Stripping and Post-Placement Care

Strip formwork only after the concrete has achieved sufficient strength — typically 24-48 hours for walls and up to 72 hours for curved sections under load. Perform a pull-test on test cylinders or use maturity meters to verify strength. Remove ties and braces gradually to avoid shock loading the green concrete.

After stripping, inspect the exposed surface for defects: honeycombing, form joint lines, or surface imperfections. Repair minor defects with a polymer-modified cementitious patch. For architectural concrete, perform a wash or light sandblasting to achieve a uniform texture.

Curing: Immediately apply a curing compound or wet curing blankets.

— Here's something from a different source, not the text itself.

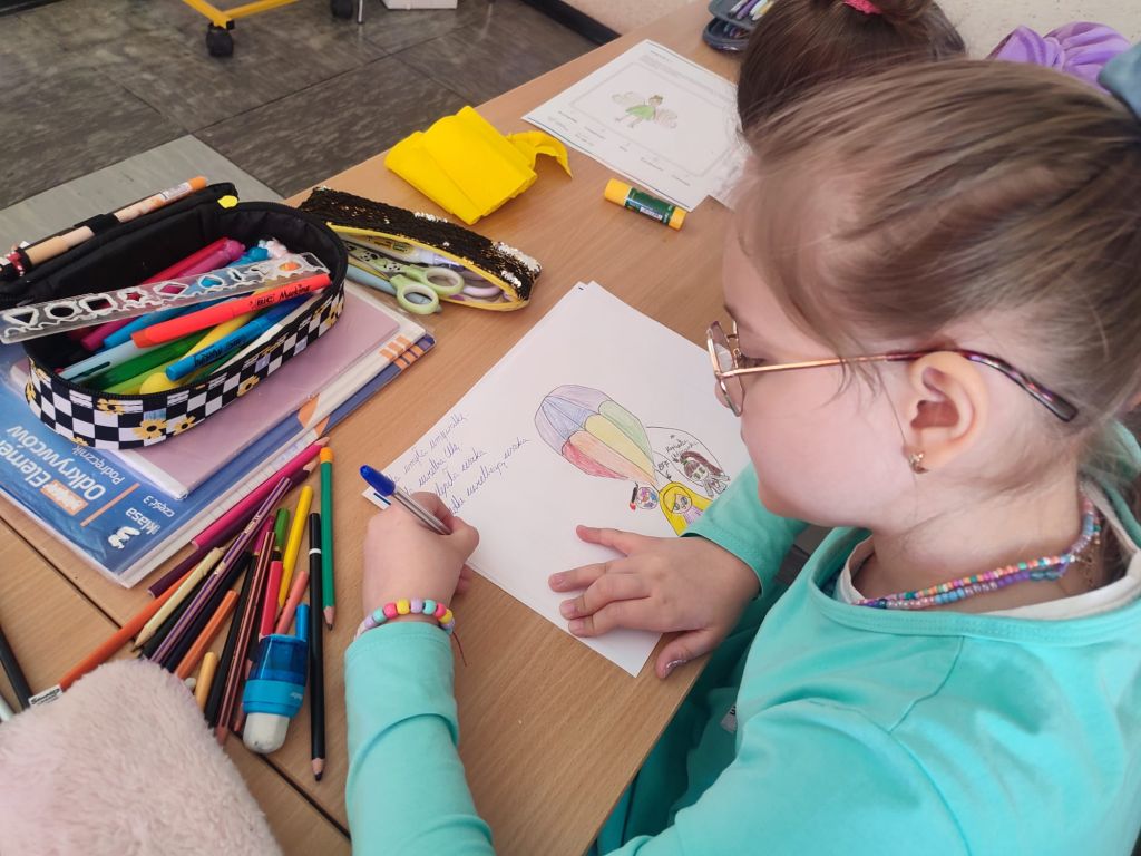 Najmłodsi uczestnicy wzięli udział w lekcji pt. „Kolory słów – kiedy słowa ranią, a kiedy pomagają?”. Podczas zajęć dzieci poznały bohaterów opowiadania, którzy pomogli im zrozumieć, że słowa mają ogromną moc – mogą sprawić komuś radość, ale mogą też zranić. Przedszkolaki uczyły się rozpoznawać emocje, nazywać uczucia oraz zastanawiały się, jak mówić do innych, aby budować dobre relacje. Zajęcia miały formę opowieści, zabawy i aktywności plastycznej, dzięki czemu dzieci w przystępny sposób poznawały zasady życzliwej komunikacji.

For curved vertical surfaces, use a spray-on membrane or wrap with curing covers that stay in place for at least 7 days. Proper curing ensures durability, reduces cracking, and enhances the final appearance.

Safety Considerations in Curved Formwork

The complex geometry of curved formwork increases the risk of falling, struck-by objects, and crushing during assembly and stripping. Implement the following safety measures:

  • Fall Protection: Install guardrails on all open sides of the formwork, especially at heights above 2 m. Use safety harnesses when working near the edges of curved platforms.
  • Stability: Ensure all falsework and scaffolding is braced against lateral loads. For tunnel forms, use mechanical locks to prevent movement during placement.
  • Limited Access: Plan access routes and egress points. In tunnel working, provide emergency lighting and ventilation.
  • Communication: Use clear hand signals or radios between the concrete pump operator, formwork supervisor, and safety officer.
  • Training: All personnel should be trained on the specific formwork system used, including its limitations and emergency procedures.

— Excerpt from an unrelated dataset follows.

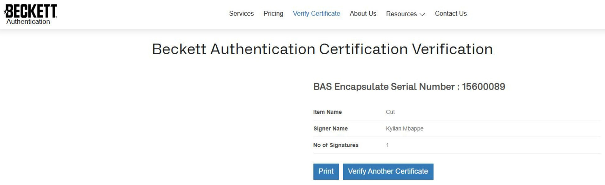 Firma certificada por una de las empresas más grandes y reconocidas de la industria Beckett Authentication Services.

Case Study: Execution of a Curved Cable-Stayed Bridge

A notable example of complex curved formwork is the Voie Verte Bridge in France, which features a curved concrete box girder with a 250-meter radius. The formwork system used was a custom steel traveler that was adjusted for each segment using hydraulic jacks guided by a laser total station. The team achieved alignment tolerances of ±5 mm despite segments that varied in both radius and cross-section. Key lessons included the importance of pre-assembling all panels in the yard and using a dedicated crew for formwork adjustment only. The project was completed on schedule, demonstrating that careful planning and robust monitoring can conquer curved formwork challenges.

Advancements in digital fabrication and automation are reshaping formwork for complex curved structures. 3D-printed formwork — using sand or polymer-based materials — can create intricate shapes without the need for custom molds. Robotic assembly of formwork panels is being tested on large infrastructure projects, promising increased accuracy and speed. Self-climbing formwork systems that move along curved rails are becoming more common for high-rise curved walls and tunnel linings. Additionally, smart formwork embedded with sensors that provide real-time data on stress, temperature, and alignment will enable proactive adjustments during concrete placement, reducing the risk of defects.

Conclusion

Planning and executing formwork for complex curved bridges and tunnels is a demanding but achievable task when approached with systematic rigor. The process begins with precise geometric modeling, selection of appropriate formwork systems and materials, and detailed load analysis. Execution requires careful fabrication, meticulous on-site installation, and continuous monitoring during concrete placement. Safety must be woven into every step, and quality control ensures that the final structure meets both structural and aesthetic standards. By applying the principles outlined in this guide — and learning from real-world precedents — engineering and construction teams can confidently tackle the challenges of curvature and deliver infrastructure that is as durable as it is elegant. For further reading on formwork standards, refer to the ACI 347 Guide to Formwork for Concrete and the EN 12812 Falsework Standards. For computational formwork design, explore S-FORMWORK or similar BIM-integrated tools.